Download or read book Nationalism, Religious Violence, and Hate Speech in Nineteenth-Century Western Europe written by Francisco Javier Ramón Solans and published by Taylor & Francis. This book was released on 2024-04-01 with total page 245 pages. Available in PDF, EPUB and Kindle. Book excerpt: Nationalism, Religious Violence, and Hate Speech in Nineteenth-Century Western Europe critically analyses the role played by different memories of past religious violence in public debates in nineteenth-century Europe. Looking back, European societies often did not seek to overcome their differences and create a framework of peaceful coexistence among various religions and denominations, but rather, more frequently, to fuel intra- and inter-religious hatred.
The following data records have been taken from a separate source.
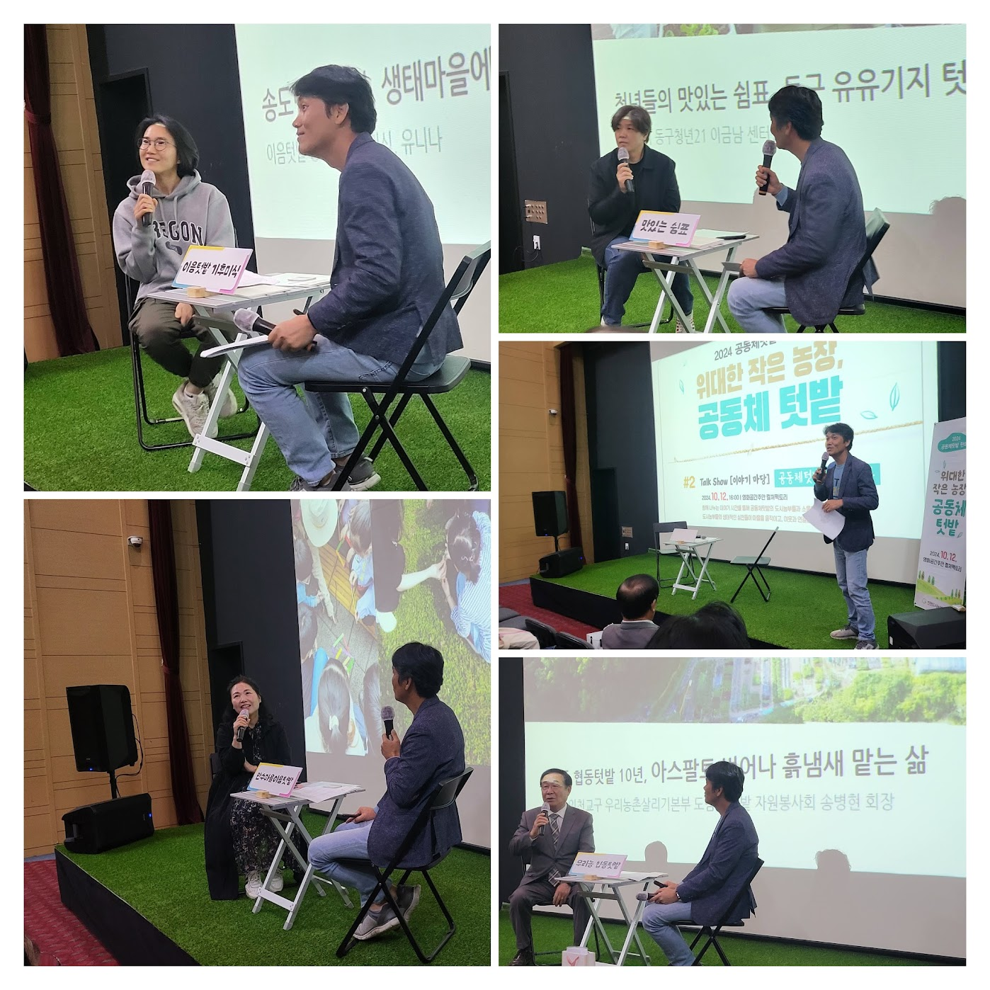 영화의 여운을 이어가는 2부 순서는 인천에서 일어나고 있는 공동체텃밭 이야기를 들어보는 토크쇼였습니다. 작은 옥상텃밭부터 만사천평 넓은 임야를 끼고 있는 농장까지 인천 곳곳에서도 위대한 작은 텃밭, 공동체텃밭들이 시도되고 있습니다. 네 분의 이야기손님을 중심으로 공동체텃밭에 대해 나누는 한 시간 삼십분이 지루하지 않게 진행되었습니다. 서로의 이야기 속에서 모두에게 도움이되는 시간이었습니다.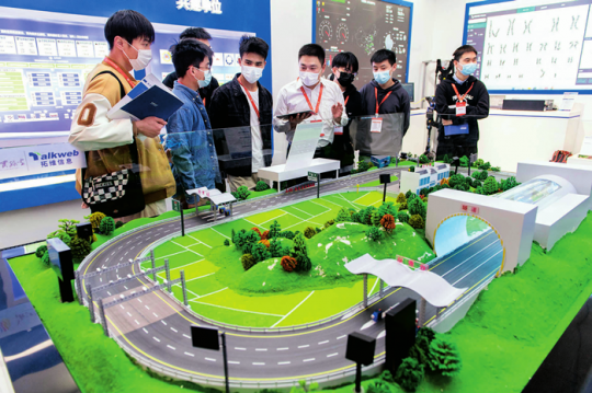 ▲ 工作人员在 2022 世界计算大会成果展上向观众介绍智慧交通系统(2022 年 11 月 4日摄) 陈思汗 摄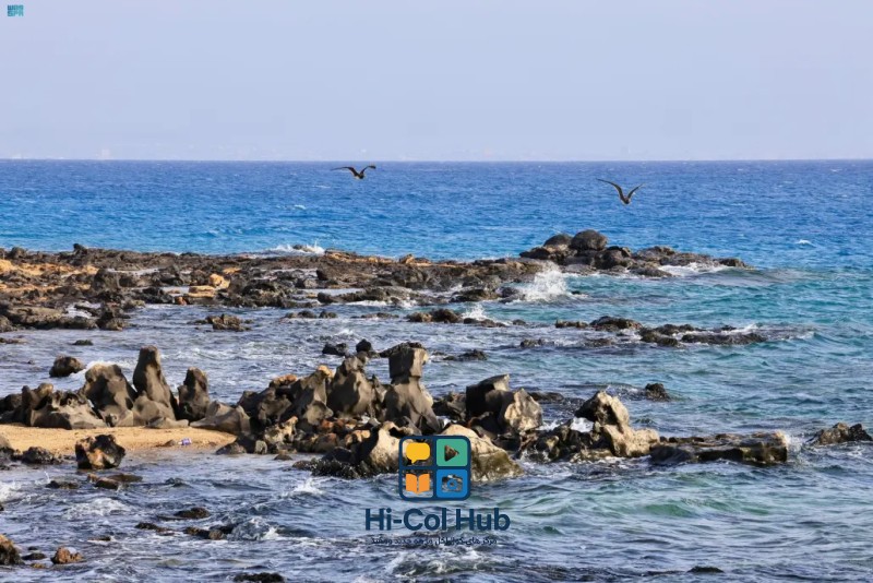 يكمن سحر شاطئ الحرة الشمالية وجاذبيته الخاصة في التكوين الجيولوجي الفريد الذي يميزه عن غيره من الشواطئ فعلى امتداد الساحل تتلألأ الرمال البيضاء الناعمة التي تدعوك للتجول والاسترخاء ولكن ما يلبث هذا البياض الناصع أن يلتقي بامتدادات واسعة من الصخور البركانية ذات اللون الأسود الداكن والتي تعرف محليا باسم "الحرات" هذا التلاقي المدهش بين الأبيض والأسود يخلق تباينا لونيا حادا ومبهرا يرسم لوحة طبيعية ذات طابع خاص جدا لا تجدها في الكثير من الأماكن هذه الصخور البركانية ليست مجرد عنصر جمالي بل هي شاهد على التاريخ الجيولوجي للمنطقة وتضفي على المكان إحساسا بالقوة والأصالة يمتزج هذا التكوين الصخري الرملي الفريد مع مياه البحر الأحمر المتدرجة الألوان ليقدم للزائر تجربة بصرية غنية ومتكاملة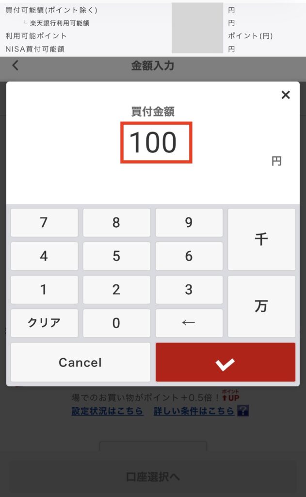 購入したい金額を入力するよ!楽天ポイントも使えるから、もし使いたい場合はここで入力して、「口座選択へ」をタップ。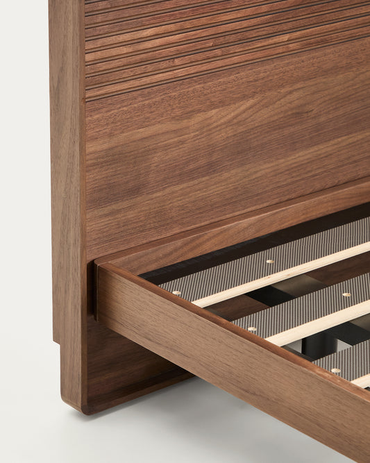 - Bed with headboard in walnut veneer with horizontal linear milling and LED light strip at the top.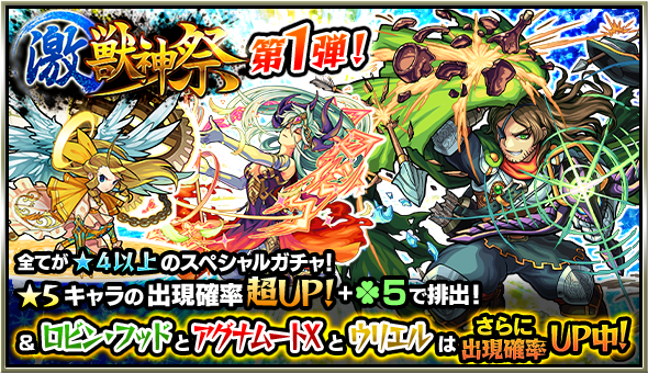 ガチャ「激・獣神祭」は、神クラス★5キャラクターの出現確率が超UP&「ラック5」で排出され、金卵(★4以上)が確定のスペシャルなガチャです!激・獣神祭限定キャラクターの「ロビン・フッド」「妲己」「天草四郎」「ウリエル」「アリス」「アグナムート」「アグナムートX」も排出されます。
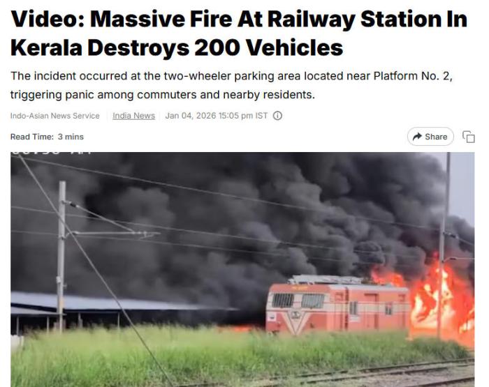 中新网1月6日电 据印度新德里电视台(NDTV)报道,日前,印度特里苏尔火车站(Thrissur)发生重大火灾,导致车站附近停车场的多辆车辆遭烧毁。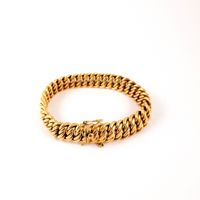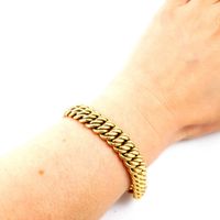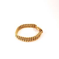 Bracelet à maille gourmette en or 750 mil., avec huit de sécurité. (Petits chocs, chainette de sécurité manquante). (Longueur : 19 cm). 24,3 g. brut. 24,3 g.

Moreover, various violent pasts were mobilised to define what and who was intolerant, in order to mark the "other" as intolerant and therefore incompatible with societal values. To examine conflicting memories of violence and hatred, this book focuses on commemorations, statues, publications, and public polemics surrounding past religious violence. Three elements serve as a framework to explain the conflictive nature of these memories of intolerance: the age of commemorations, the culture wars, and the second confessional age. The authors explore cases in France, Germany, Italy, Spain, Switzerland, the United Kingdom, and the Low Countries, covering Catholicism, Protestantism, Anglicanism, Islam, and Judaism. The book focuses on iconic victims such as Giordano Bruno and Michael Servetus, collective massacres, and discourses surrounding religious hatred in events such as the Crusades. The cases of religious violence remembered in the nineteenth century span the Middle Ages and the intense period of religious violence known as the confessional age. This book will appeal to students and scholars of politics, religious tolerance and freedom, hate speech, nationalism, religious history, and European history.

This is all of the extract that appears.